顾不上细想,趁此机会,刘平安强忍伤势,再次凝聚法力,这一次,他將金、火、土三行之力,按照特定比例混合,凝聚出一道暗金色的、带著炽热与锋锐气息的奇异剑气——这是他初步尝试的、融合了庚金锋锐、离火爆裂、戊土镇压特性的“三才破煞剑”!
剑气斩向之前被戊土剑山镇得滯涩的符文节点!
嗤啦——!
这一次,血色符文再也抵挡不住,发出一声如同布帛撕裂的声响,崩散开来!与之相连的几处符文,也隨之暗淡、紊乱。
整个“聚煞炼秽”之阵,顿时出现了明显的卡滯!血池翻腾减弱,三面黑色小旗旋转速度变慢,散发出的秽煞之气也为之一滯。
“干得好!”严长老大喜,趁机一斧斩在那面受影响最大的黑旗上!
咔嚓!黑旗本就布满裂痕,此刻阵法被破,防御大减,被血战斧一斧劈中,顿时裂成数片,灵光尽失!
阵法被破去一角,平衡被打破。血池中的秽煞之气失去控制,开始狂暴地反噬!另外两面黑旗哀鸣一声,光芒明灭不定,与血池、地心煞脉的连接也变得不稳定。
“混帐!坏我大事!”黑袍金丹修士目眥欲裂,但他被独孤煞死死缠住,无暇他顾。
白眉长老压力大减,罗盘光芒大盛,彻底困住两条秽煞巨蟒,並压制住天鬼门和血煞教修士。
严长老趁胜追击,战斧连劈,將剩余两面黑旗也一一摧毁!
三面黑旗尽毁,血色符文大面积崩坏,整个邪恶阵法彻底崩溃。血池剧烈翻腾,秽煞之气倒卷,反而將那天鬼门和血煞教修士笼罩。
“啊——!”两声惨叫响起,两名假丹巔峰修士被失控的秽煞之气侵蚀,瞬间化作两滩脓血,融入血池。
黑袍金丹修士见状,知道事不可为,眼中闪过狠色,猛地喷出一口精血,血光爆闪,逼退独孤煞,身形化作一道血影,就要遁入旁边一条狭窄的裂缝逃走。
“想走?留下吧!”严长老岂能容他逃脱,血战斧脱手飞出,化作一道血色惊鸿,后发先至,狠狠斩在那道血影之上!
噗——!
血影溃散,黑袍修士发出一声悽厉的惨叫,一条手臂连同半边肩膀被斩落,但他也借著这股衝击力,速度更快,瞬间消失在裂缝深处,只留下一句充满怨毒的嘶吼:“铁血堡!独孤煞!还有那个小子!本座记下了!他日必报此仇!”
严长老还想追击,白眉长老拦住他:“穷寇莫追,地底情况不明,先稳固地脉,清除残留秽煞要紧!”
严长老恨恨收回战斧,看向一片狼藉的溶洞,又看向刘平安,眼中露出讚许之色:“刘安,做得好!若非你及时破坏符文节点,我们要毁掉此阵,还要多费一番手脚。
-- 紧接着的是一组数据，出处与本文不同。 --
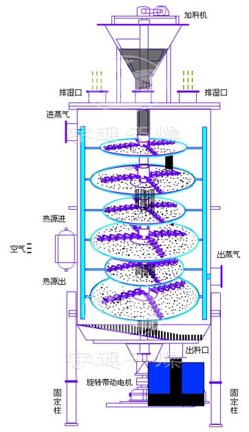 由于干燥盤(pán)層立式布置,立式安裝,既使干燥面積很大,占地面積也很小。
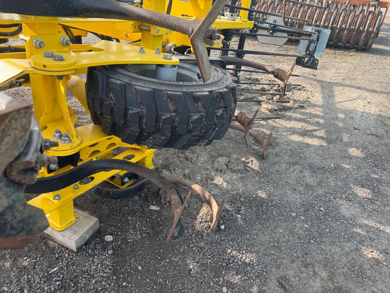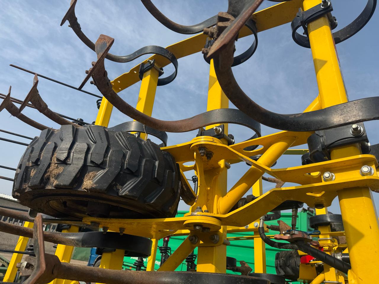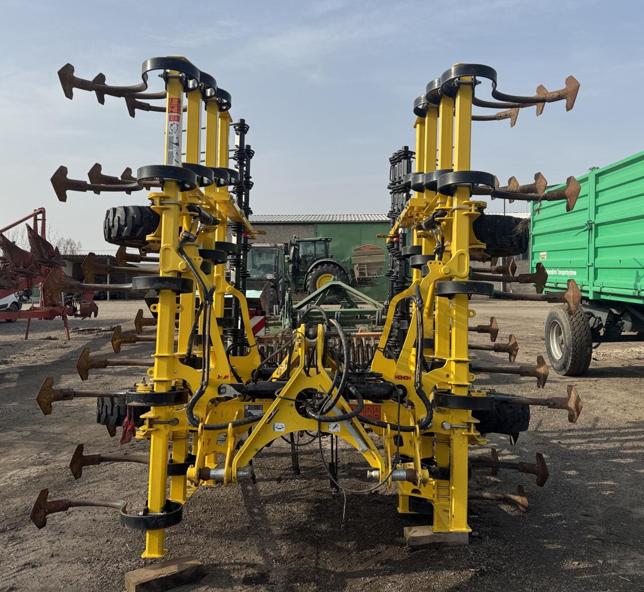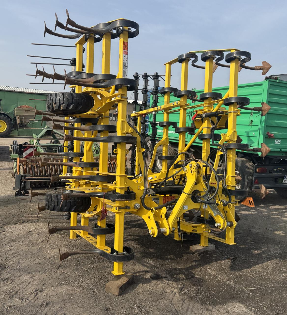 Arbeitsbreite 4 30 m Transportbreite 3 00 m hydraulisch klappbar 180 über Scherenklappung Klappung der Seitenteile mit 2 doppelwirkende Zylindern die Seitenteile sind in Arbeitsstellung hydraulisch eingespannt Mittelteil 3 00 m Seitenteile 2 x 0 65 m stabiler Rahmen aus Vierkantrohr 100x100 3 1 2 balkig ein Zinken ist zwischen den Unterlenkern ange ...
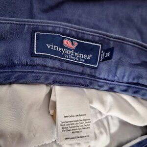 Vineyard Vines Breaker Chino Shorts Size 35 Navy Blue Embroidered Whale Flag
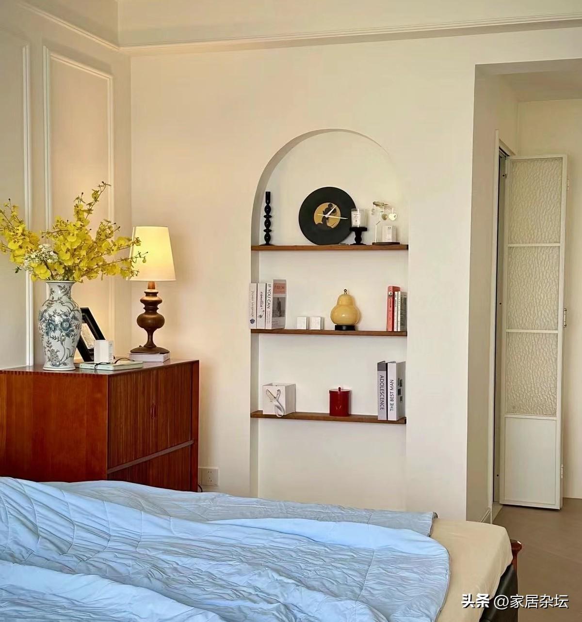 對於臥室的壁龕來說,我們可以收到臥室的一些零碎物件,也可以當牀頭櫃來使用。
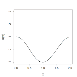 then the potential function has local maximum at ; there is a solution in which starts at this point at 'virtual time' , eventually slides down to the local minimum, then back up the other side, reaching an equal height, and then reverses direction, ending up at the local maximum again at time . In other words, approaches as . This is the characteristic shape of the solitary wave solution.
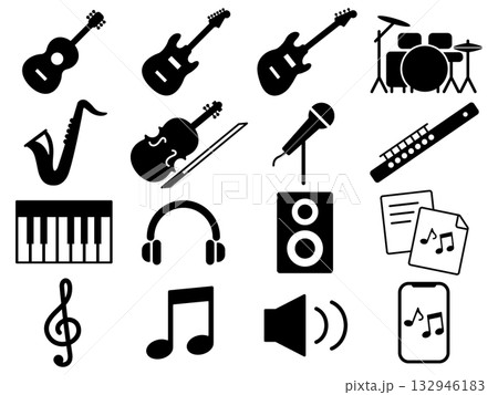 バンドの楽器アイコンセット(マイク,ギター,ベース,ドラム,キーボード)
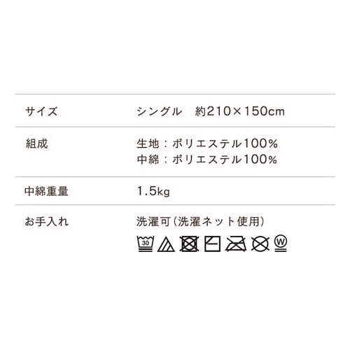中綿重量 | 1.5㎏ | 目付け(約) | 115g/㎡ |
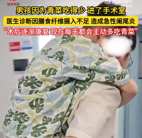 10月12日,江西抚州。男孩因为青菜吃得少,进了手术室。医生诊断因膳食纤维摄入不足,引发急性阑尾炎!

”
柳文博、赵山、苏婉也鬆了口气,看向刘平安的目光各有不同。柳文博眼神深处闪过一丝阴霾,但面上却带著温和笑意:“刘师弟临危不乱,观察入微,佩服。”
独孤煞则已收剑而立,仿佛刚才那场激战与他无关。他看都没看眾人,目光落在那逐渐平静、但依旧污秽的血池,以及地心煞脉泄口处,那丝丝暗金色、被煞气侵染的地脉本源之力上,空洞的眼神中,似乎有血色光芒一闪而逝。
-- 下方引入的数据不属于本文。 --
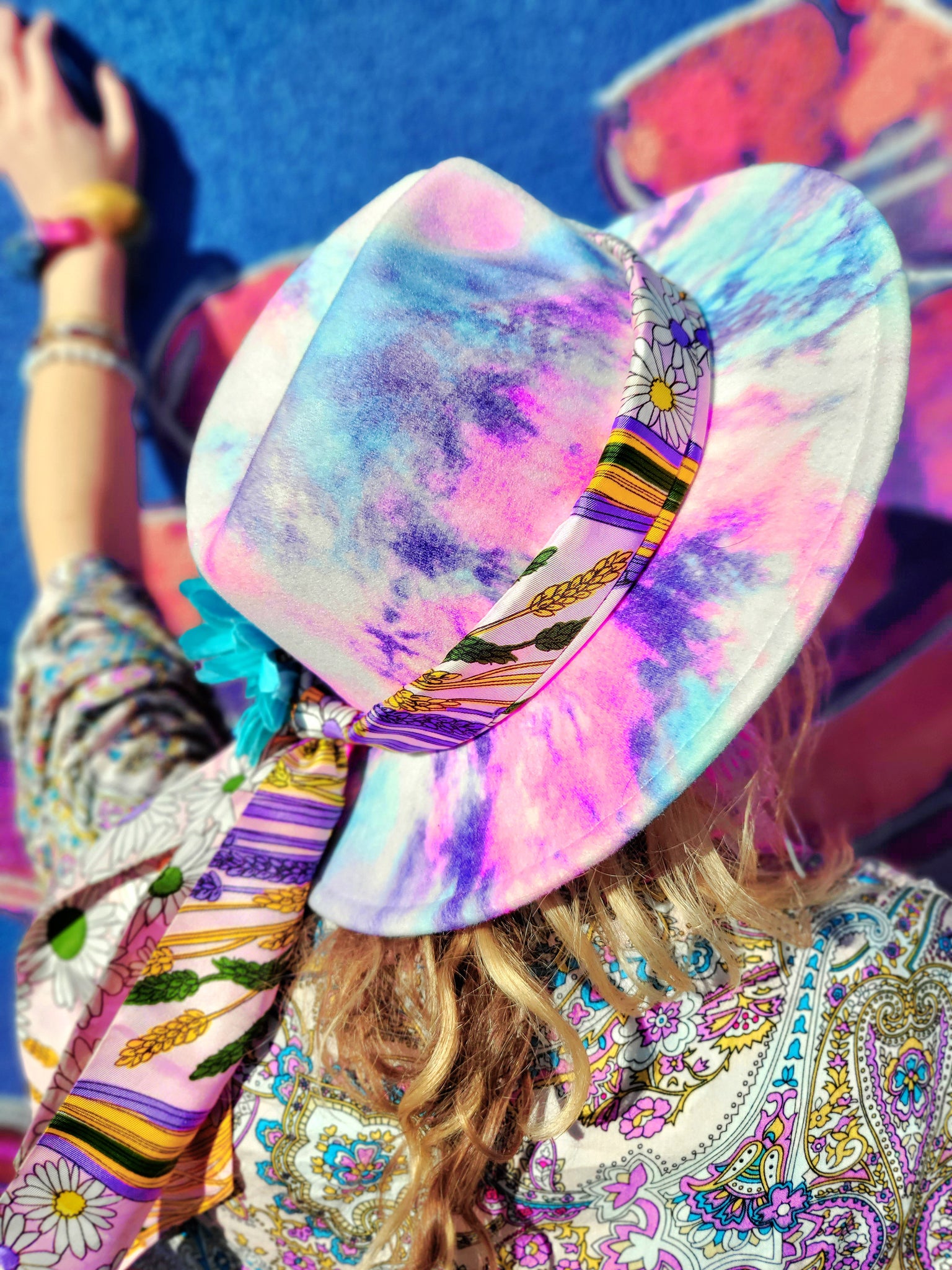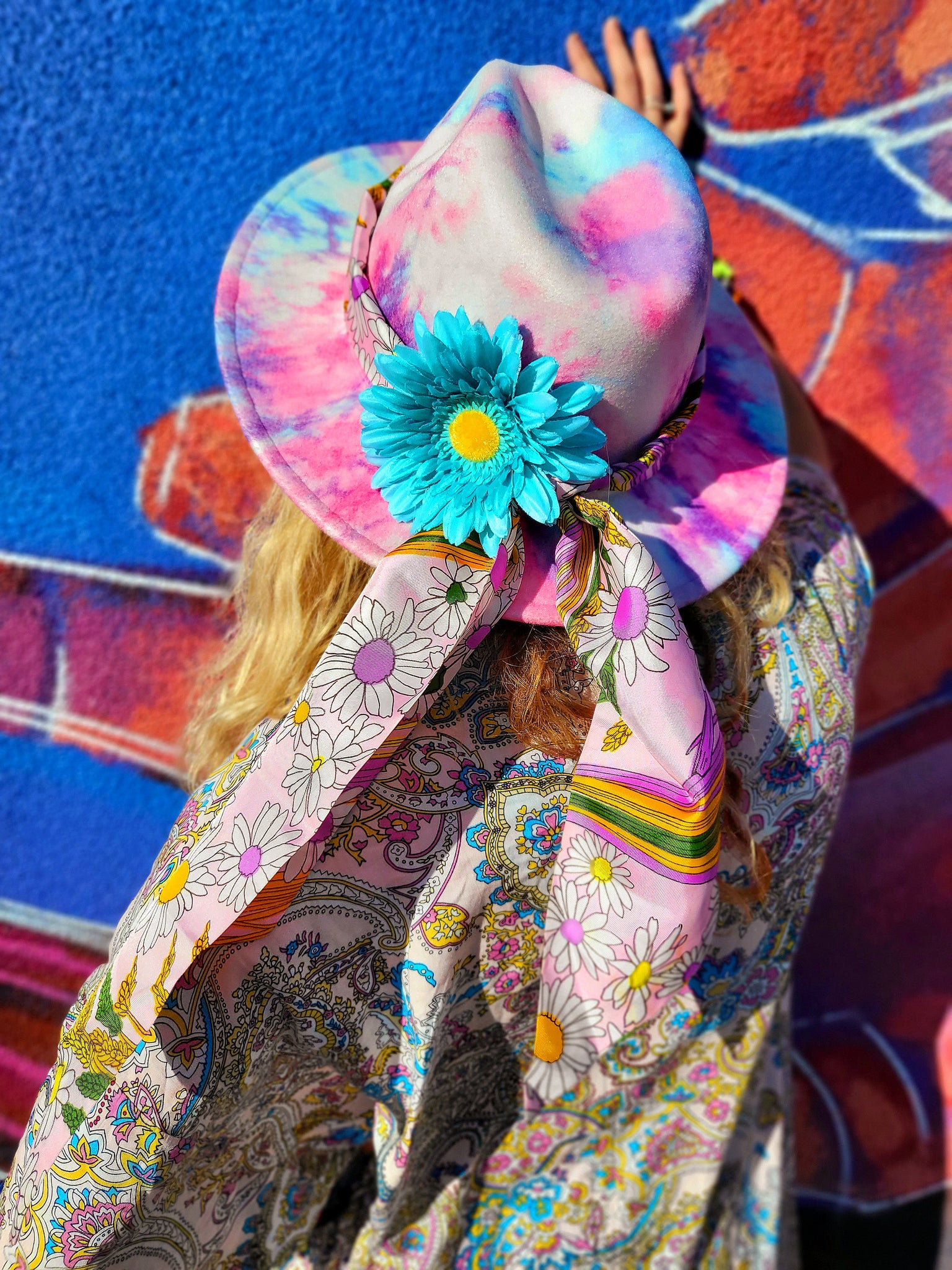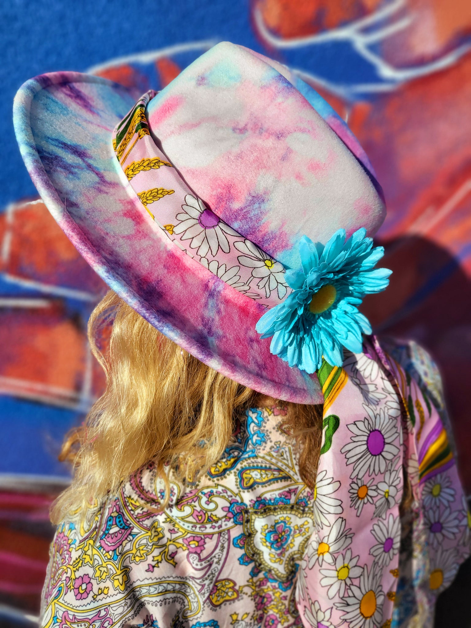 This Dreamy spring flingy disco daisy cotton candy Cowguurl hat will be your new fave accessory this spring ! She is adorned with a handpicked vintage silk scarf strap detachable electric blue daisy clip. All hats come with adjustable string to for heads of many sizes .
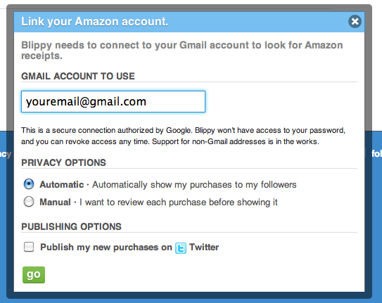 The new Amazon integration requires users to grant Blippy access to their Gmail accounts via OAuth (this only works with Gmail, though the site says it plans to support other email services soon). After linking your Gmail to Blippy, the service will automatically scan your account for Amazon receipts, which it will use to display the items you’ve purchased in your Blippy feed. When I asked Blippy co-founder Philip Kaplan if they had Amazon’s approval, he said they didn’t ask for it, and they weren’t sure they needed it, either.
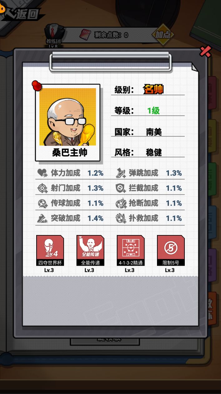 优先传球,增加双攻击18%,老韩可以下课了。之前老韩必须在主教练位置的最大原因是他的技能2,优先传球给有大招的前锋。以此激活3前锋的输出能力。有了扎加洛后。老韩可以退休了。
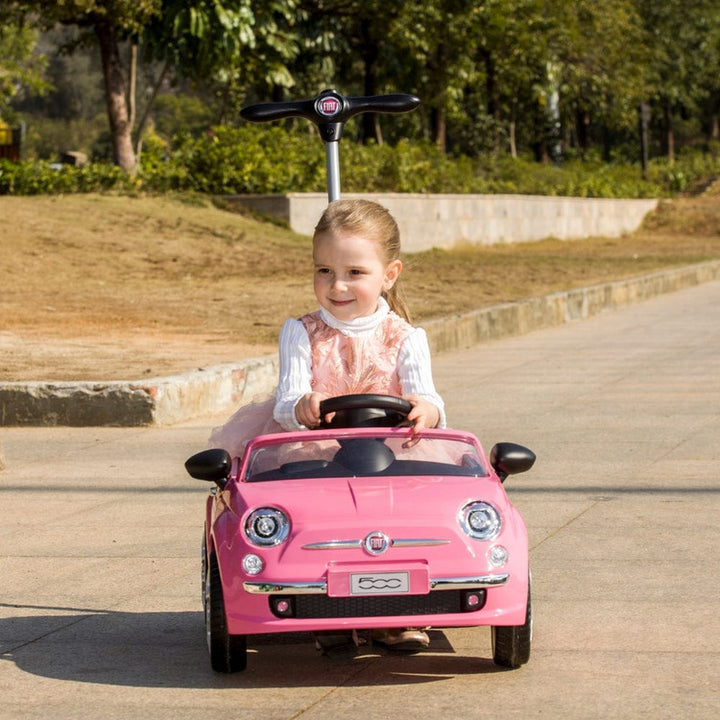 Licensed Fiat 500 push car comes with a stroller, adjustable footrest, adjustable handle, horn and music, doors open. Best for ages 1-3 years This item does not qualify for free shipping. Additional shipping costs will apply due to the size/weight of the item.
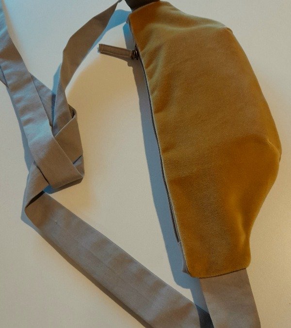 Realizada con pana de algodón de tapicería, bolsillito en el forro interior. Tiras de gabardinas, se ajustan con un nudo.

他忽然转身,向著溶洞更深处,那条通往地心煞脉源头的、更加幽暗危险的裂缝走去。
“独孤煞,你要去哪里?”严长老皱眉问道。
独孤煞脚步不停,冰冷的声音传来:“此地煞气,於我剑道有益。你们自便。”
话音未落,身影已没入黑暗之中。
“这……”严长老和白眉长老对视一眼,摇了摇头。独孤煞性格古怪,实力强横,他们也不好多管。
“先清理此地,封印地脉泄口,然后回去向堡主復命。”白眉长老开始检查阵法残骸和地脉情况。
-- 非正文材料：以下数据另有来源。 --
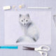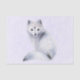 Tissue paper with a watercolor image of a white fox with fancy blue flora designs all over its fur.
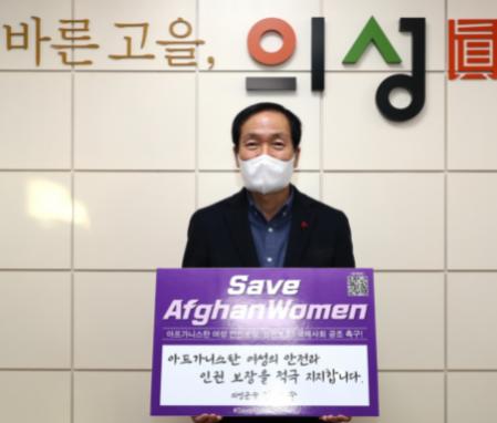 김주수 의성군수는 22일 아프가니스탄 여성 인권보호와 안전보장을 촉구하는‘세이브 아프간 위민(Save Afghan Women)’챌린지에 동참했다.
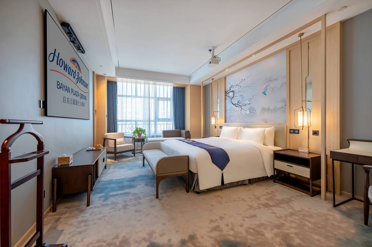 酒店设有非遗文化元素客房,内饰典雅精美,设施设备齐全,非遗元素点缀每个细节,结合现代人的审美需求来打造富有传统韵味的非遗元素客房。
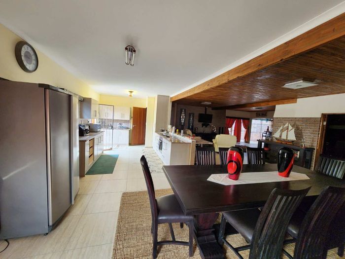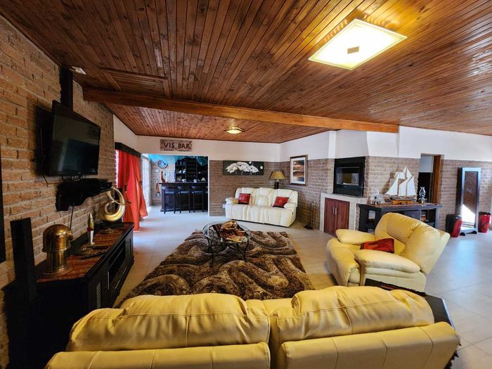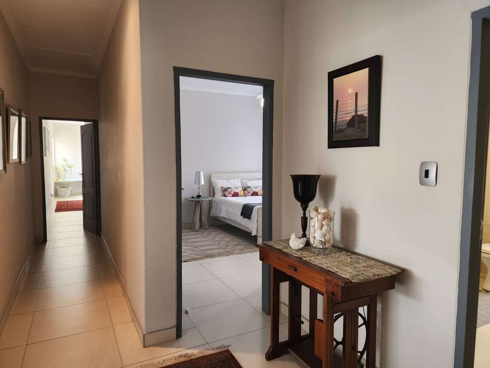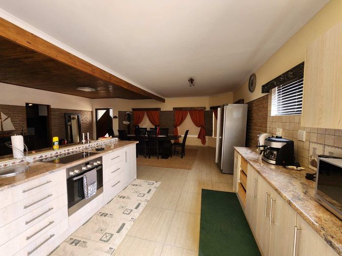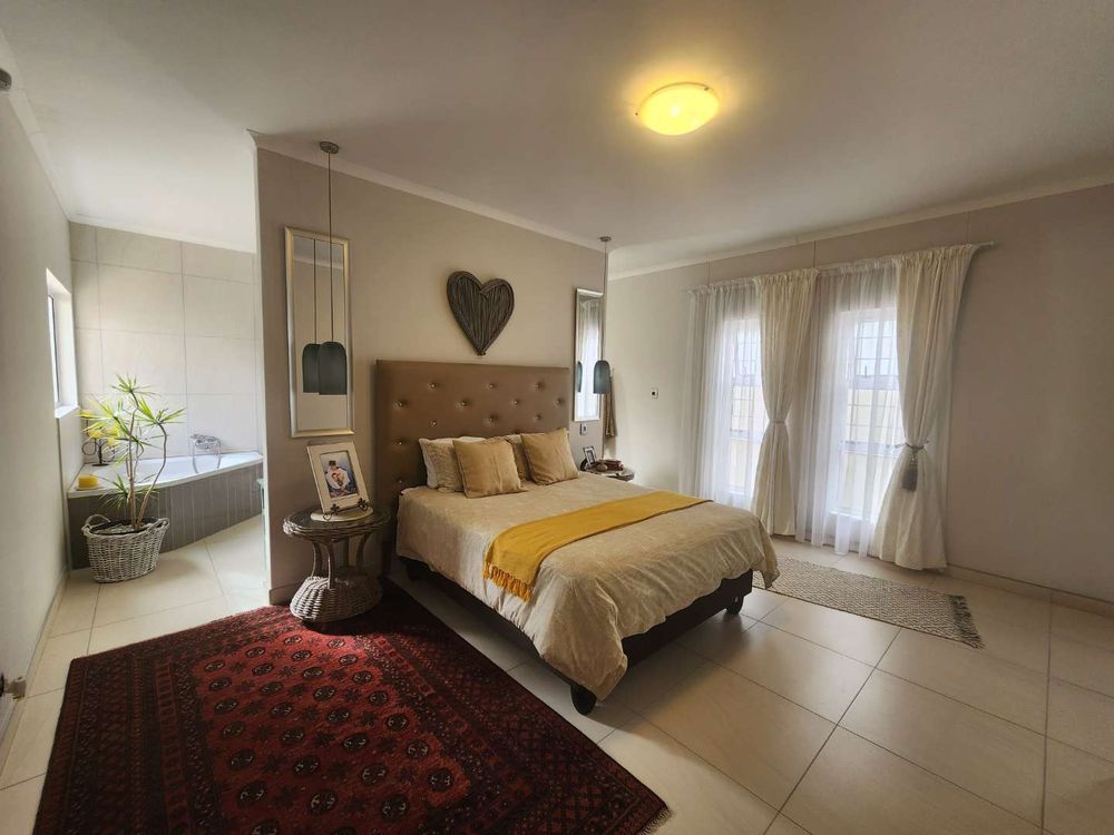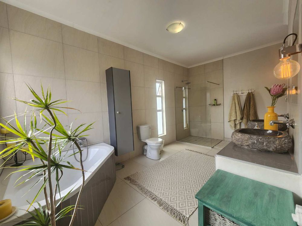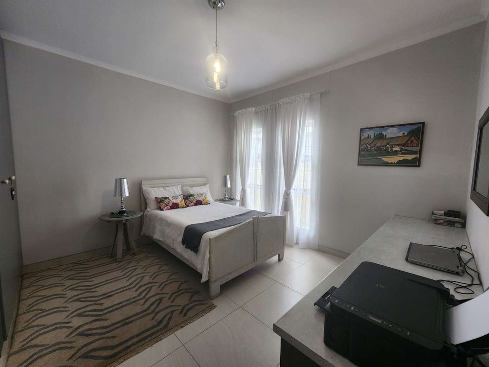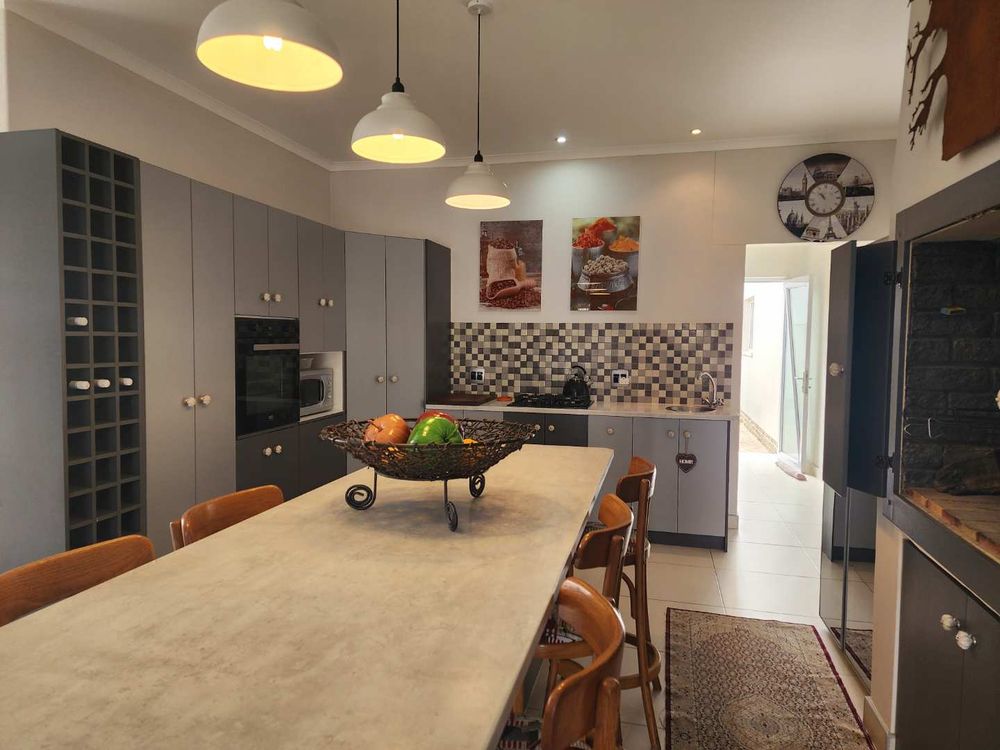 The home boasts a dedicated braaikamer, complete with a sizable fireplace and staggered aluminum doors that open up to the inviting outdoor garden. The kitchen is a chef's delight, offering ample storage space and a large separate scullery with a generous pantry, ensuring all your culinary needs are met with ease.

刘平安服下苏婉递来的疗伤丹药,默默调息,肋部的伤口在丹药和五行法力作用下,快速癒合。他看向独孤煞消失的裂缝,又看了看地上那滩黑袍修士留下的、被血污浸染的破碎衣角,以及空气中残留的、与五行巡察令產生感应的奇异波动,心中疑竇丛生。
黑袍修士最后那句“那个小子”,显然是指他。一个金丹邪修,为何会特意记住他一个假丹修士?仅仅是因为他破坏了符文?
还有独孤煞那意味深长的一瞥,以及突然对地心煞脉感兴趣……
这次地脉异动,恐怕背后隱藏的秘密,比眼前所见,更加复杂。